The combination of professional services with productized offerings was a key part of the proposition that Sequoia has backed, co-founder Narinder Singh told me on Friday, as opposed to other potential funders that wanted to focus on either one or the other. "The Sequoia investment doesn't change our business model, it just accelerates it," said Singh.

The combination means that in addition to Appirio's current 60+ enterprise customers for its professional services, there are another 1100 using the products. It's effectively a trickle-down of concepts forged in the best-practice foundry of large enterprise and then made available to the masses. Of course this notion of productizing intellectual property has always been the Holy Grail of professional services, but finally it seems the Web is making it possible.

"I do believe that a company like Appirio wasn't possible five years ago," Singh told me. "A company that lives in the cloud and sees a synergy between products and services." Perhaps one of the factors here is that the products are provided as automated services, while the professional services are provided (at least in part) via the Web. So there are more similarities between the two categories than conventional wisdom suggests.

But Appirio has also carved out a fairly unique profile for itself in focusing on Google Apps projects as well as Salesforce.com. It already has over 30 enterprise projects built around Google Apps. More than most of its competitors, the company is truly a cloud integrator in that its core expertise (and indeed its product set) is around making cloud applications work together better. This makes it a leading enabler of the serverless enterprise, ie running businesses entirely on the cloud without any servers installed on-premise at all (I described last year how Appirio runs its own business that way).

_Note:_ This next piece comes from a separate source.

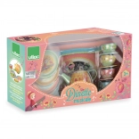Organizzare un tè non è mai stato così magico come con il set da tè Vilac Musical. Questo set in metallo conquista con le sue illustrazioni fiabesche a tema "foresta magica" e con l’unico elemento musicale. Inclinando la teiera parte una dolce melodia che aggiunge un tocco di incanto al gioco.
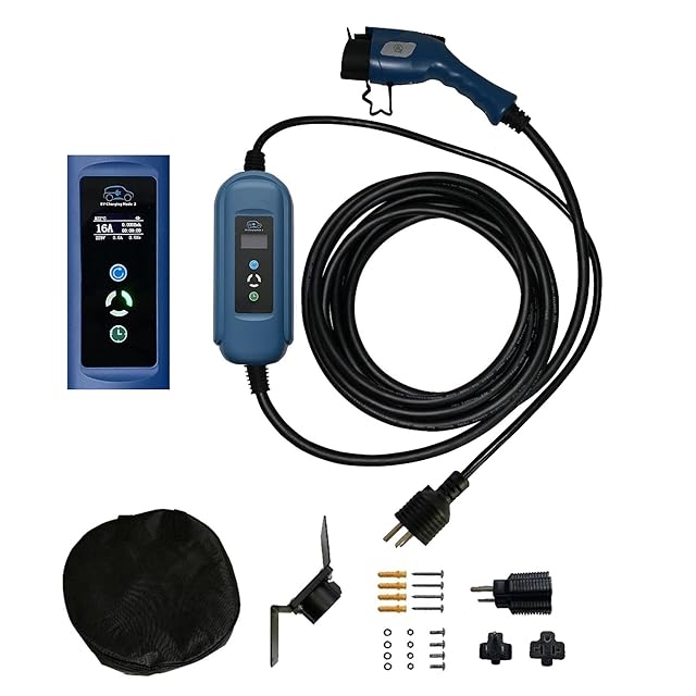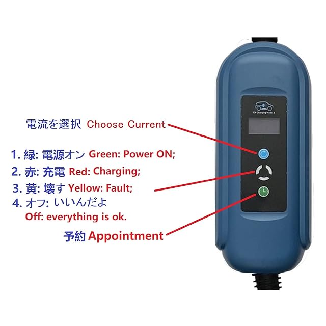 EV充電器 EVSE PHEV SAE J1772 J1772A IL型 ホーム接地20Aコーナーキャップ 100-240V 16A/13A/10A/8A 調整可能 予約可能 LCD 7.6 メーター 電気自動車車の充電器 パナソニック製コンセントに対応

"The serverless enterprise is a blueprint for the future," said Singh. "The only thing that's stopping customers from doing this is legacy." Appirio offers expertise in helping those companies break free from their legacy and going serverless. "We've seen enormous interest in the serverless enterprise in companies up to 1000 employees," he said.

Microsoft's email platform Exchange is set to be a victim of that interest, added Singh, even in larger enterprises. Even though most companies start out using Google Apps for collaboration — which at $50 a year per seat is very keenly priced, noted Singh — they often then go on to evaluate whether they really need to continue carrying the cost of Exchange for those users. Worsening economic conditions will only accelerate that trend, he predicted:

"Almost every company has someone looking at what it would take to take out Exchange," said Singh. "Every time someone mentions the R-word, ten more people look at Google Apps."